| Task brief |
Whenever a picture appears in the listing below, leave it out, and copy exactly the lines from the one containing "Each claw-set with" through the end.

| Record excerpts |
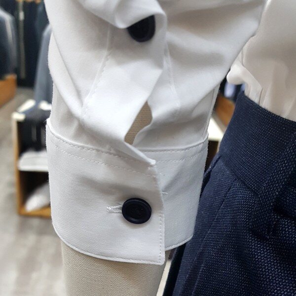 매끈한소재의 면 폴리,우레탄 혼방소재로 편안하게 창용하실수있으며 소매접어서 입으셔도 잘 어울리는셔츠 캐쥬얼 자켓이랑 진한 곤색 면바지랑 입으시면 깔끔한 느낌을 줍니다
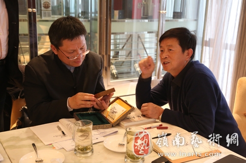 中砚联唐本高执行会长等与台湾沈春池文教基金会秘书长陈春霖就中华砚文化赴台展在交换意见
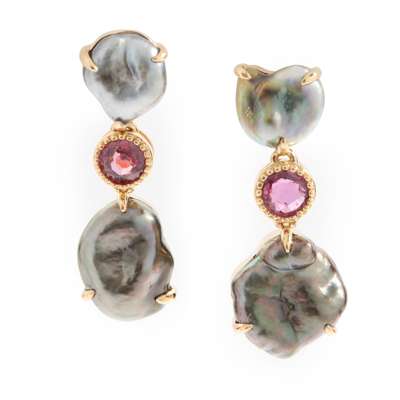 Each claw-set with two Tahitian pearls, interspaced by a collet-set round-cut ruby, to post fittings, stamped 14K
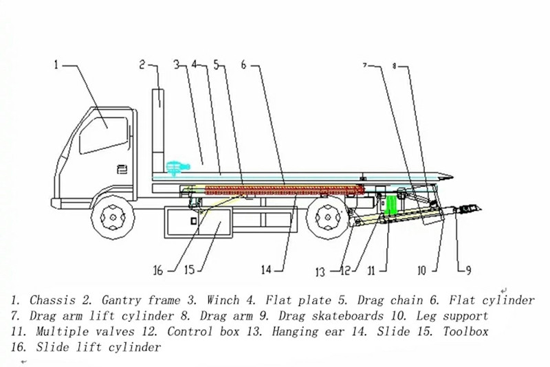 ●De opbouw van een bergingswagen met laadplatform bestaat hoofdzakelijk uit een steunarm, laadplatform, lier, hydraulisch systeem, hulpsteunen en bedieningsapparatuur.
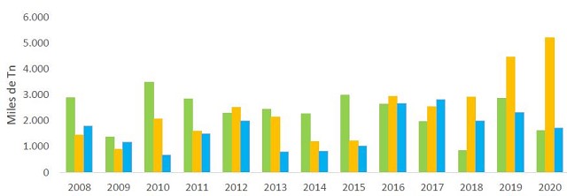 Gráfico 2. Cargas de productos seleccionados 2008-2020-Puerto Bahía Blanca
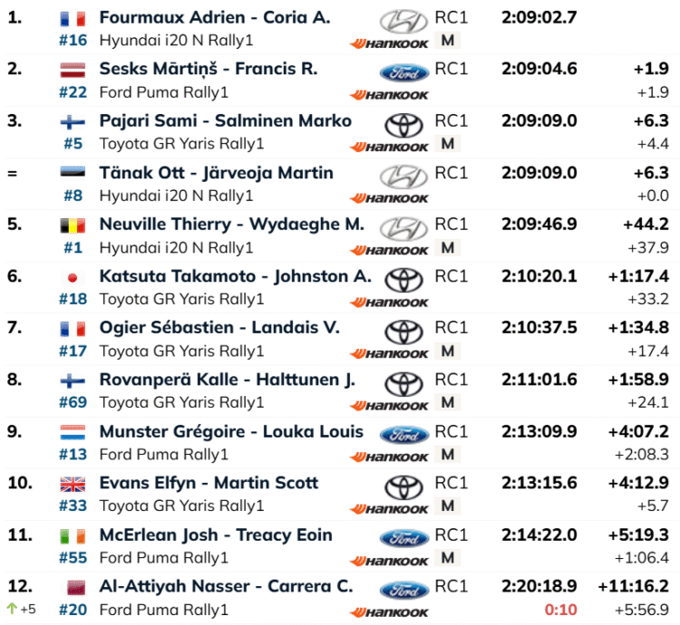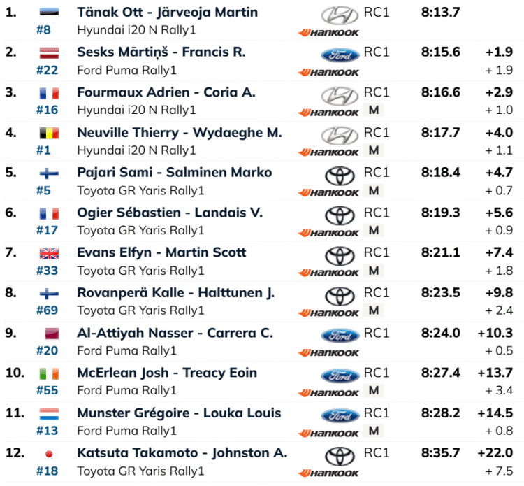 Päeva avakatse kordusläbimisel (SS12) näitasid eestlased taas parimat minekut, võttes sellega oma kolmanda järjestikuse katsevõidu. Selle võimsa spurdiga püüdis Tänak üldarvestuses kinni Sami Pajari – mehed jagavad nüüd kolmandat kohta.

| Solution to this exercise |
 Each claw-set with two Tahitian pearls, interspaced by a collet-set round-cut ruby, to post fittings, stamped 14K
 ●De opbouw van een bergingswagen met laadplatform bestaat hoofdzakelijk uit een steunarm, laadplatform, lier, hydraulisch systeem, hulpsteunen en bedieningsapparatuur.
 Gráfico 2. Cargas de productos seleccionados 2008-2020-Puerto Bahía Blanca
 Päeva avakatse kordusläbimisel (SS12) näitasid eestlased taas parimat minekut, võttes sellega oma kolmanda järjestikuse katsevõidu. Selle võimsa spurdiga püüdis Tänak üldarvestuses kinni Sami Pajari – mehed jagavad nüüd kolmandat kohta.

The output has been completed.